Die vorherige Version, die eine weniger mächtige Syntax und ausschließlich Windows.Forms.Timer-Synchronisation verwendet ist ebenfalls verfügbar:

[o] Download der vorherigen Version (CS-Datei, 5 kB, Stand: 15. Mai 2007)

Beispiel

Folgendes Beispiel veranschaulicht die Verwendung von DelayedCall und zeigt ein paar weitere Steuermöglichkeiten.

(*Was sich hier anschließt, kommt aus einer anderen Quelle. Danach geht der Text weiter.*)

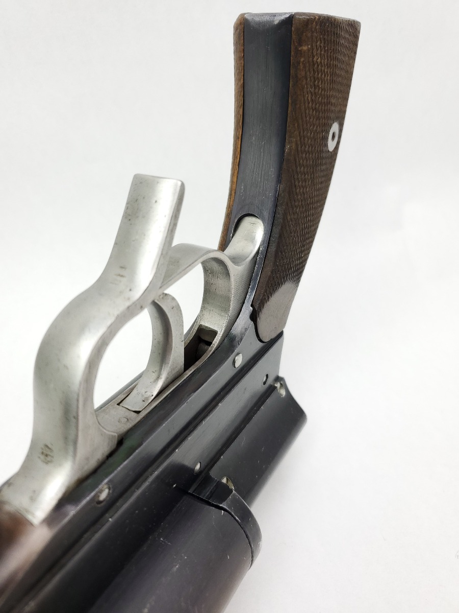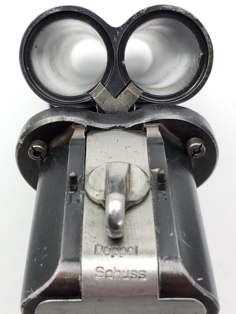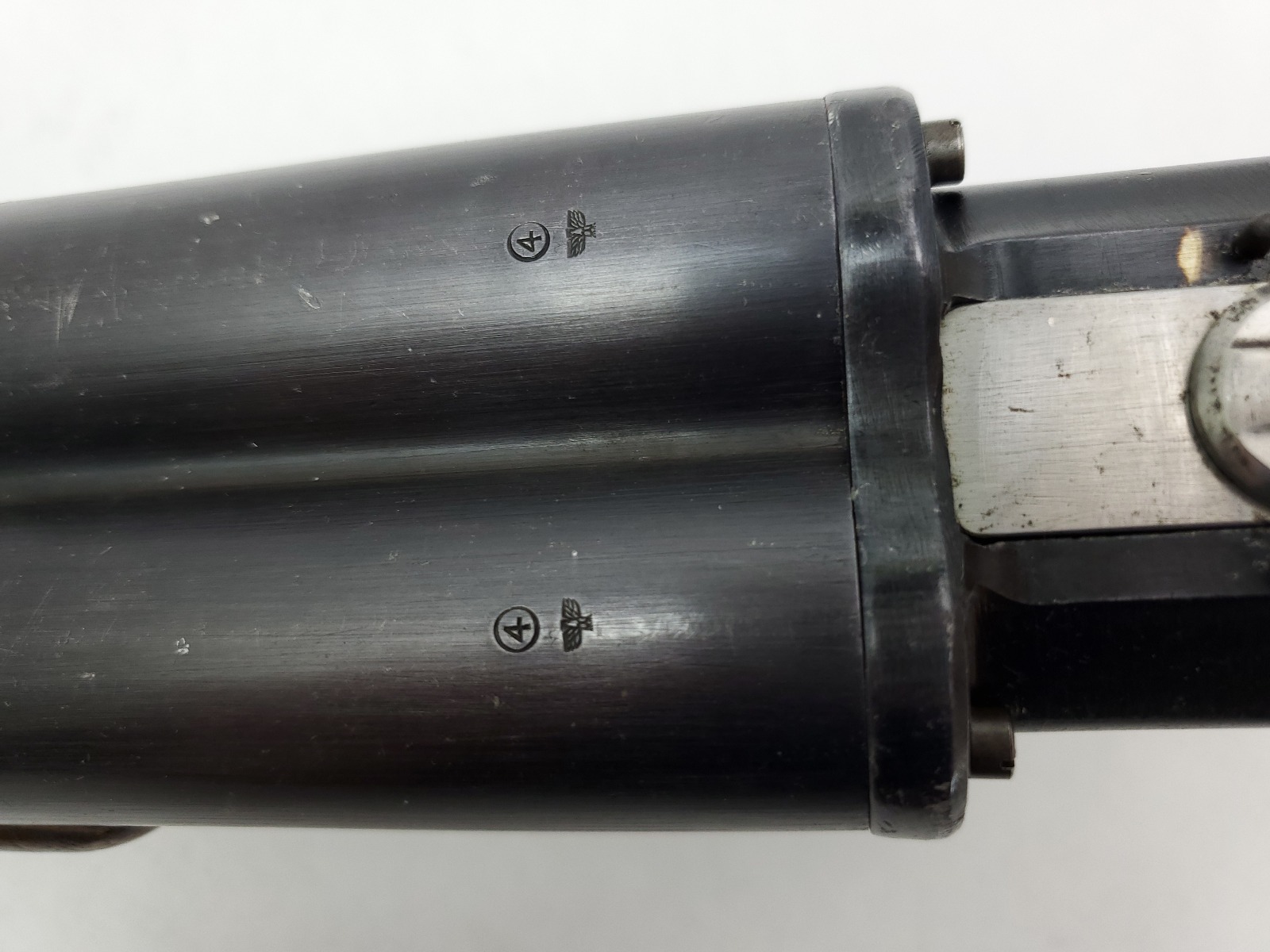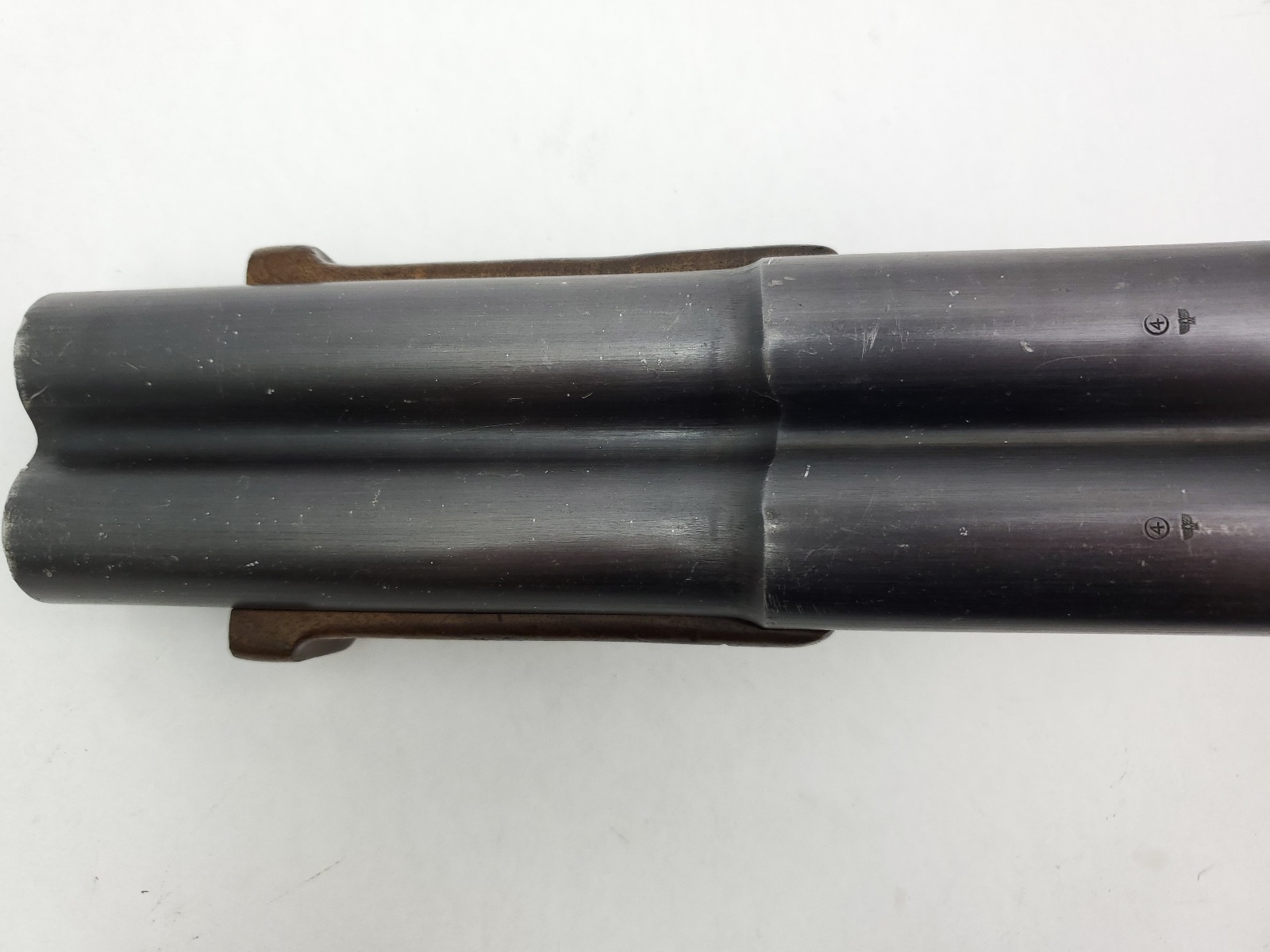 6/23/20 – This is an original WW2 U-Boat Kriegsmarine scarce model SLD – Signal und Leucht Doppelschussmodelce (literally ”signal & light double shot model). The pistol has a pair of 9 1/4” barrels and a 4 3/4” wooden fore-end to give the user a more secure grip when the pistol was fired. This double barrel flare pistol was manufactured in 4 bore and accepted 27mm flares with a variety of signaling and lighting purposes. The left side of frame is waffenamt and has the “eeu” makers mark. It also has a fairly faint “Eagle M” marking. Both barrels have a “4” within a circle and are waffentamt proof stamped. This particular example is in excellent condition and is fully functional. Most of the bluing is in tact, though there is some thinning on the barrels, and some light white specs of wear near the muzzle (as shown in photos). There are also very small white dots throughout the barrels. We assume this is a reaction of the aluminum with the salt air. We saw this similar wear on another example we’ve offered for sale. The wood parts are excellent – just a few light handling marks. The bores are excellent. Fully functional with a functioning safety.
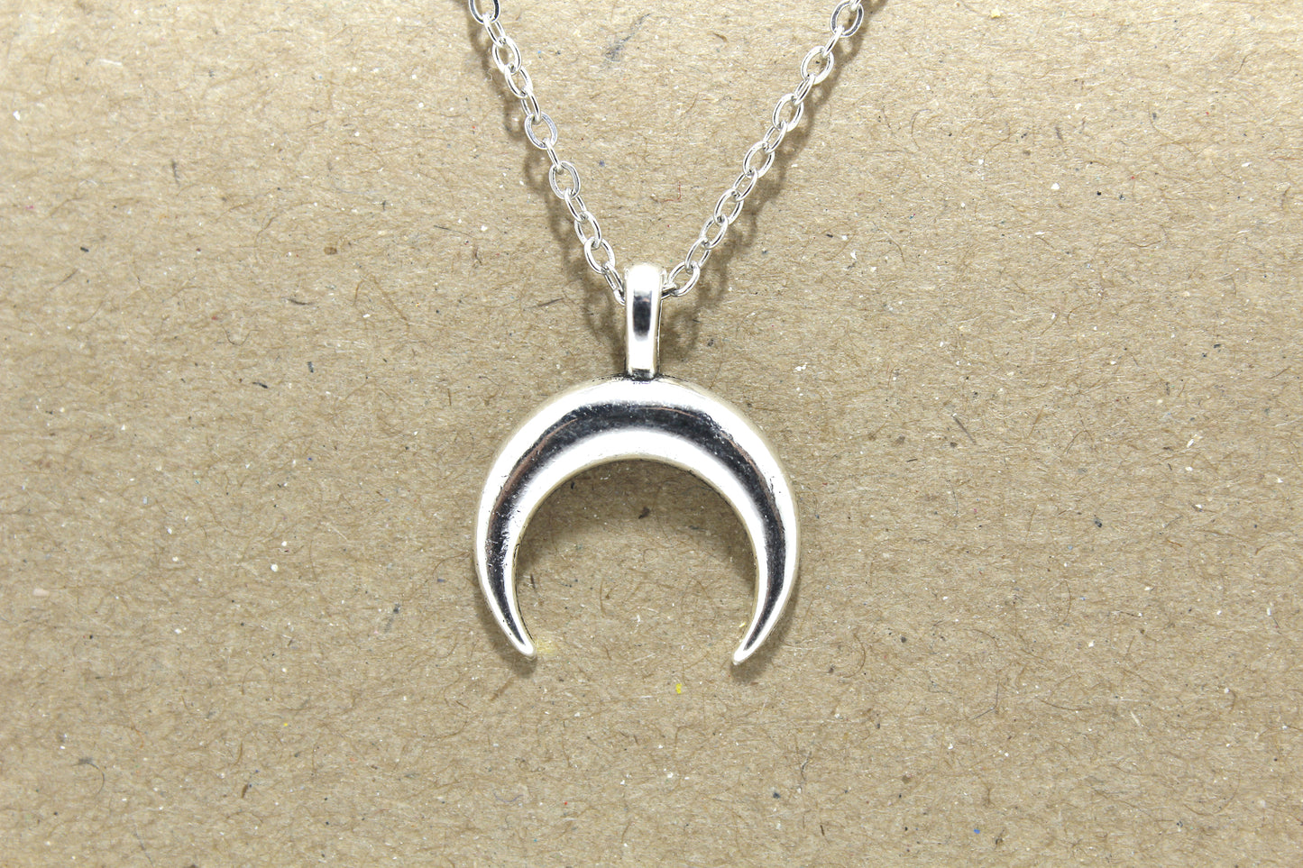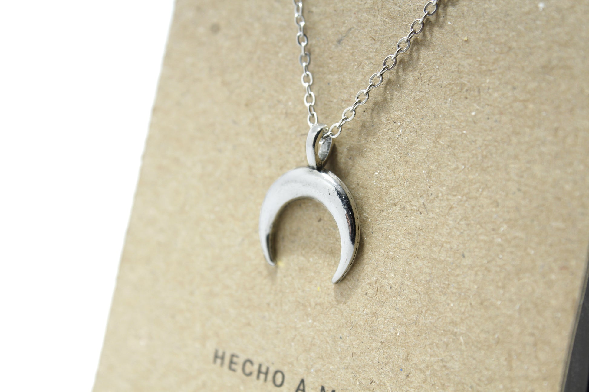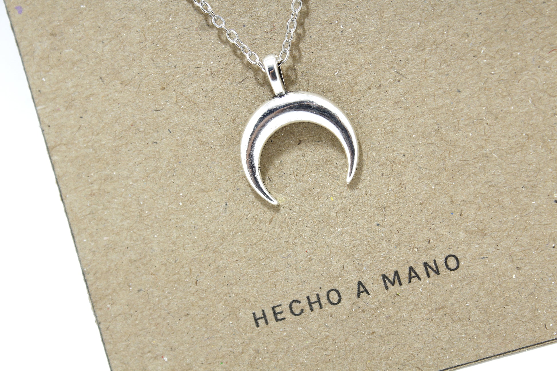 Amuleto Luna Invertida en metal color plata.
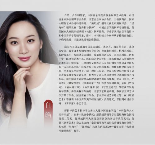 作为中国音乐学院声歌系钢琴艺术指导、国家大剧院艺术沙龙特邀讲师、“施坦威”钢琴大赛评委,白皓老师此次推出的《指尖的旋律——白皓原创歌曲及合作钢琴歌曲专辑》,收录了《西湖美》《钗头凤·红酥手》《夏夜,在河边》《竹枝词》等16首作品,这张专辑汇聚了白皓音乐创作的精华,体裁涵盖古诗词歌曲、原创艺术歌曲、民歌创新改编等多元音乐体裁。
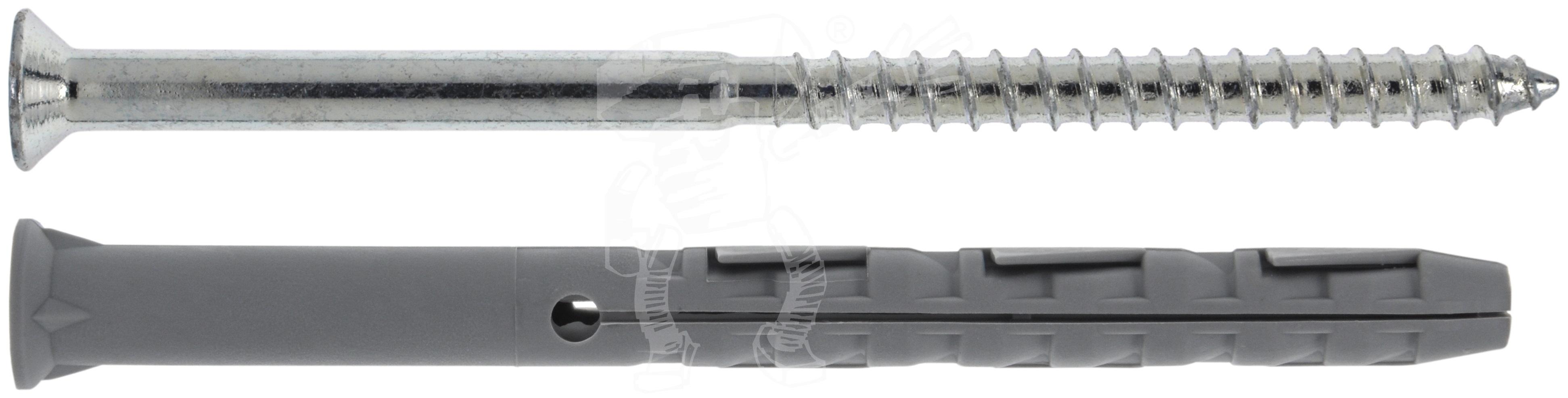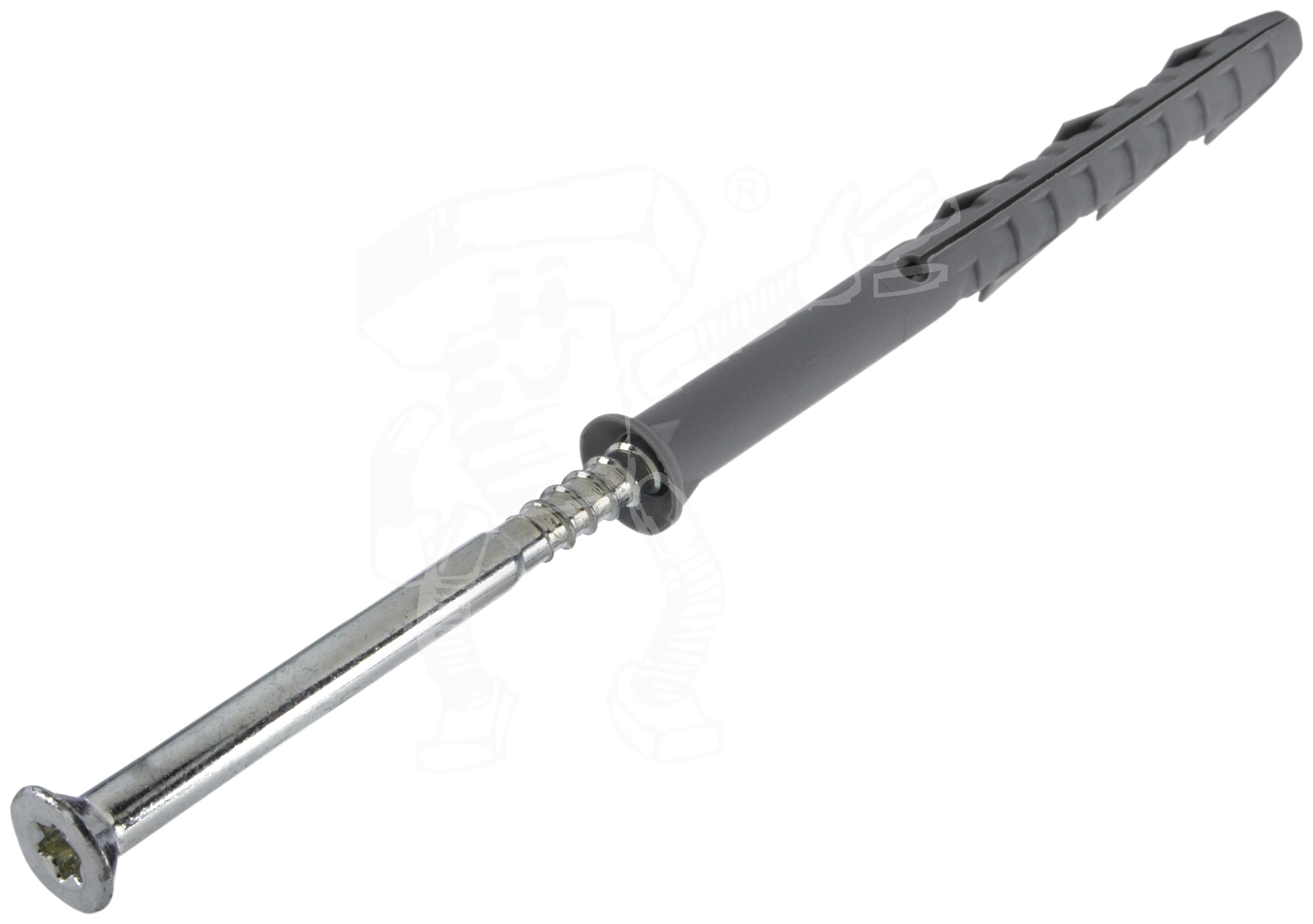 Rahmendübel mit einer langen Spreizzone "RLT" aus reinem Nylon mit verzinkter Innenstern-Schraube. Schnelle Befestigung in nicht massiven Materialien wie Leichtbaustoffen und Hohlkammersteinen.

Quelltext-Ansicht: demo.cs

// Variable to keep track of the instance. This is not required for normal operation.
private DelayedCall dc = null;

private void button1_Click(object sender, EventArgs e)
{
// Change button text in 2 seconds
dc = DelayedCall<string>.Start(SetButtonText, "I was clicked", 2000);
}

private void SetButtonText(string newText)
{
button1.Text = newText;
}

private void HurryUpButton_Click(object sender, EventArgs e)
{
// Invoke SetButtonText now, if the timeout isn't elapsed yet
if (dc != null) dc.Fire();

// Prepare a DelayedCall object for later use
DelayedCall exitDelay = DelayedCall.Create(Application.Exit, 0);
// Now start the timeout with 0.5 seconds
exitDelay.Reset(500);
}

Änderungen

18. September 2009

Zuverlässigere Synchronisierung bei Cancel-Aufrufen durch Prüfung eines Abbruchflags unmittelbar vor dem Aufruf der Zielmethode

1. August 2007

Die Synchronisation in den UI-Thread wird jetzt mit einem SynchronizationContext durchgeführt, anstelle eines System.Windows.Forms.Timer. Der Code wurde dadurch etwas kürzer und die Abhängigkeit zu System.Windows.Forms entfällt. Die einzige Änderung daraus ergibt sich nach meinen Tests für Nicht-UI-Anwendungen wie Konsolenanwendungen oder Worker-Threads: Während der Aufruf von Forms.Timer nie ausgeführt würde, kann das Problem jetzt erkannt werden. Ähnlich der CrossThreadCall-Prüfung eines Controls wird nun ein Ausnahmefehler erzeugt (InvalidOperationException) und die Verwendung der *Async-Methoden empfohlen, die in jedem Umfeld funktionieren.

27. Juli 2007

Die DelayedCall-Klasse wurde komplett neu geschrieben, um ein paar alte Unschönheiten zu beseitigen.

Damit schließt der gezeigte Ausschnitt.